For the meringue brittle
2 egg whites (see above)
⅛ tsp salt
150g caster sugar
50g blanched hazelnuts
, toasted, half blitzed to a advantageous powder, the remainder roughly chopped
1 tsp cornflour
1 tsp cider vinegar
40g desiccated coconut
4 pictures freshly made espresso
, to serve

Warmth the oven to 240C (220C fan)/475F/fuel 9. Combine all of the substances for the baked custard cream in a small saucepan, placed on a medium warmth and cook dinner, whisking usually, for seven to 10 minutes, till it’s the consistency of a skinny custard. Pressure right into a 30cm x 20cm baking dish, then bake within the scorching oven for quarter-hour. The highest will blacken in patches and the custard will look very curdled, however don’t fear: it’s meant to.

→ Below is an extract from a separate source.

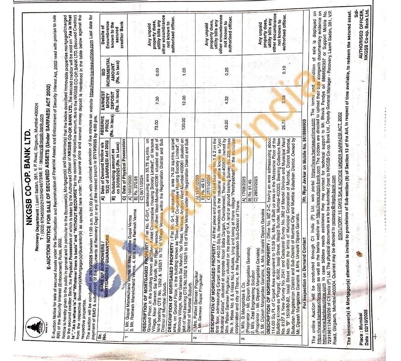 DESCRIPTION OF MORTGAGED PROPERTY: Flat No. E-Gr/1, admeasuring area 55.75 sq.mtrs. on Ground Floor, in the building known as "Silver Anklet Co-operative Housing Society Limited", of Versova Village, Near Ganesh Sai Mandir, Yari Road, Versova, Andheri West-Mumbai-400061 situated on plot of land bearing CTS No. 1262 & 1262/1 to 15 of Village Versova within the Registration District and Sub District of Mumbai Suburb.
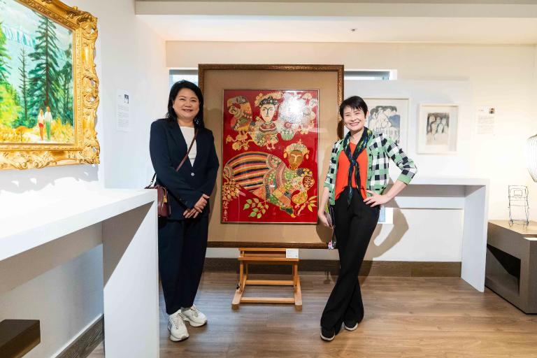 ▲文化部藝術發展司周雅菁司長(右)與畫廊協會理事長陳菁螢(左)參觀尊彩藝術中心展出的洪通作品。(圖/畫廊協會提供)

Switch the custard to a small bowl, together with all of the crusty browned bits from the perimeters, then use a stick blender to blitz to a clean, shiny cream. Refrigerate for about three hours, till cooled and thickened, by which period it ought to have a tender, pudding-like consistency.

Flip down the oven to 170C (150C fan)/325F/fuel 3 and line a big, 39cm x 30cm baking tray with greaseproof paper.

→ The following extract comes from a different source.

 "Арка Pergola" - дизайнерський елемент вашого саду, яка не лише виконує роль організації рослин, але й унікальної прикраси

Put the egg whites and salt within the bowl of a stand mixer with the whisk attachment in place, and whisk on medium-high pace for a minute or two, till foamy and beginning to stiffen. Nonetheless whisking, drizzle within the caster sugar little by little, then whisk for an additional three to 5 minutes, till the meringue is thick and glossy.

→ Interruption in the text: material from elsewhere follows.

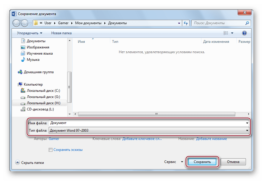 Выбираем тип «Microsoft Word 97-2003 (.doc)». Название можно оставить по умолчанию.

Take away the whisk attachment and, utilizing a spatula, fold within the finely blitzed hazelnuts, cornflour, cider vinegar and desiccated coconut. Dot a tiny blob of meringue beneath every nook of the greaseproof paper, so it sticks to the tray, then thinly unfold the remainder of the meringue combine excessive of the paper, ensuring it covers all the floor. Sprinkle the chopped hazelnuts all around the prime, bake for half-hour, then take away and go away to chill for about 20 minutes. As soon as cooled, break the brittle into tough shards.

Spoon the cream combination into 4 small glasses (martini glasses or ramekins will do) and prime with a number of meringue shards. Serve the espresso pictures alongside, pouring as a lot or as little of the espresso over the cream as you want.